■ **HOW TO COMPLETE THIS TASK**:
The lines from the one with "Vom Parkplatz zur" through the last line of the material below, copied exactly and free of pictures, make up the whole answer.

■ **DATASET EXTRACT**:
============================================================
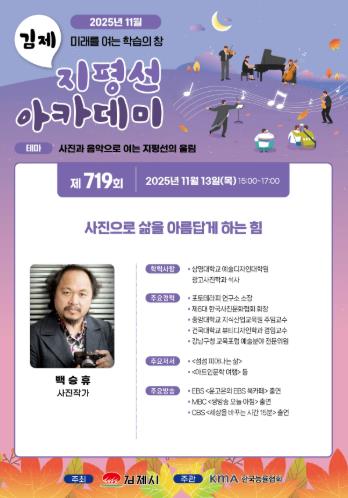 한편, 지평선아카데미 강연은 누구나 참석 가능하며, 현장 참여가 어려운 시민을 위해 경로당 IPTV를 통해 강연 영상이 실시간 송출되고, 강연 후에는 강사 동의하에 김제시 사이버학습센터에 영상을 업로드해 제공한다.
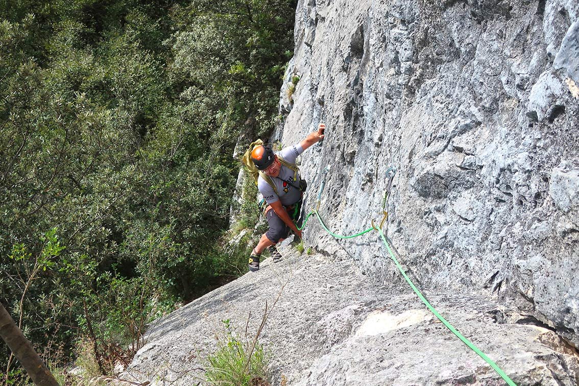 Vom Parkplatz zur römischen Brücke und von dieser links in Richtung Monte Colt. Gleich nach den Oliven-Terrassen aber nicht rechts weiter, sondern gerade auf dem Forstweg in den Wald. Nach wenigen Minuten zweigt rechts ein Pfad ab, dem man aufwärts bis zum Klettergarten folgt. Vom Klettergarten der Wand entlang bis zum Einstieg in einer Ecke am rechten Rand eines Klettergartens (Einstieg ist angeschrieben).
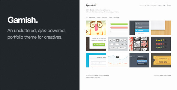 Garnish is a clean-cut, straight to the point, simple to use portfolio theme. The uncluttered, one-page, ajax-powered portfolio is perfect for placing your most important work directly in front of your potential clients.
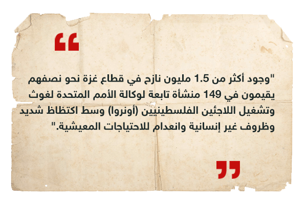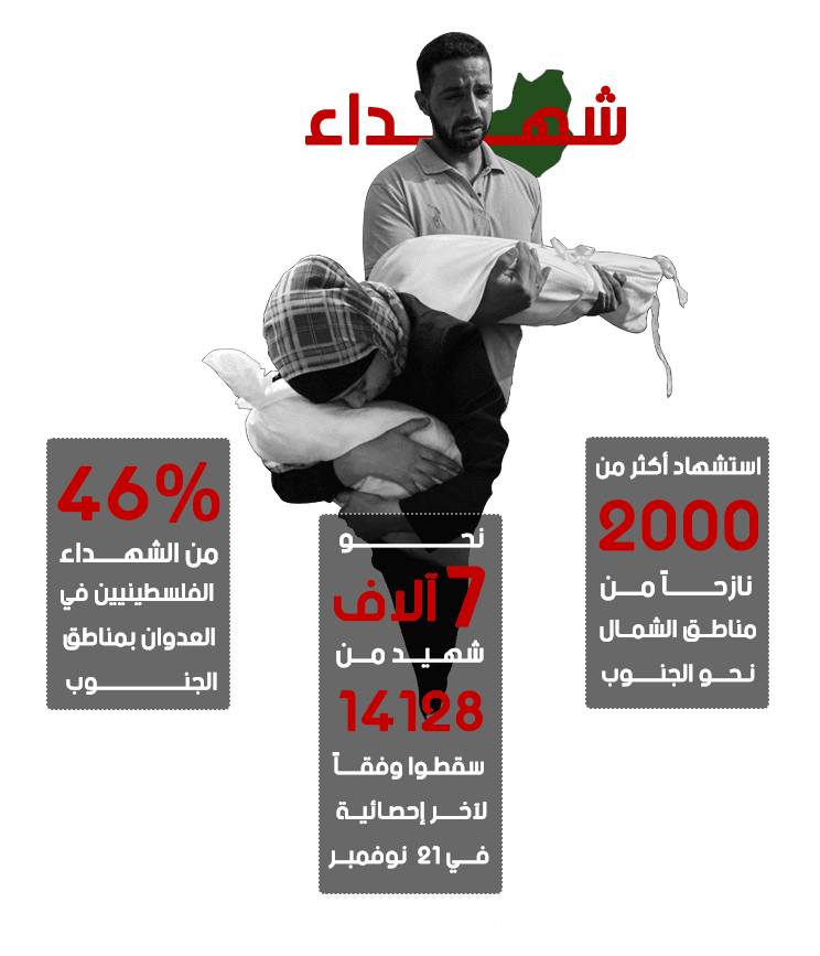 وقدر مكتب الأمم المتحدة لتنسيق الشؤون الإنسانية (أوتشا) في 24 أكتوبر، عدد الذين نزحوا داخل غزة بأكثر من 1.4 مليون فلسطيني، نزحوا من منازلهم خلال أسبوعين منذ بدء العدوان إما بسبب الخوف أو بسبب تدمير منازلهم أو تضررها، لاسيما بعد تلقيهم تحذيرات من الجيش الإسرائيلي بالإخلاء، هذا الرقم الذي زاد بالفعل بسبب شدة الضربات خلال الأيام الماضية.
============================================================
■ **ANSWER TO THIS PROBLEM**:
 Vom Parkplatz zur römischen Brücke und von dieser links in Richtung Monte Colt. Gleich nach den Oliven-Terrassen aber nicht rechts weiter, sondern gerade auf dem Forstweg in den Wald. Nach wenigen Minuten zweigt rechts ein Pfad ab, dem man aufwärts bis zum Klettergarten folgt. Vom Klettergarten der Wand entlang bis zum Einstieg in einer Ecke am rechten Rand eines Klettergartens (Einstieg ist angeschrieben).
 Garnish is a clean-cut, straight to the point, simple to use portfolio theme. The uncluttered, one-page, ajax-powered portfolio is perfect for placing your most important work directly in front of your potential clients.
 وقدر مكتب الأمم المتحدة لتنسيق الشؤون الإنسانية (أوتشا) في 24 أكتوبر، عدد الذين نزحوا داخل غزة بأكثر من 1.4 مليون فلسطيني، نزحوا من منازلهم خلال أسبوعين منذ بدء العدوان إما بسبب الخوف أو بسبب تدمير منازلهم أو تضررها، لاسيما بعد تلقيهم تحذيرات من الجيش الإسرائيلي بالإخلاء، هذا الرقم الذي زاد بالفعل بسبب شدة الضربات خلال الأيام الماضية.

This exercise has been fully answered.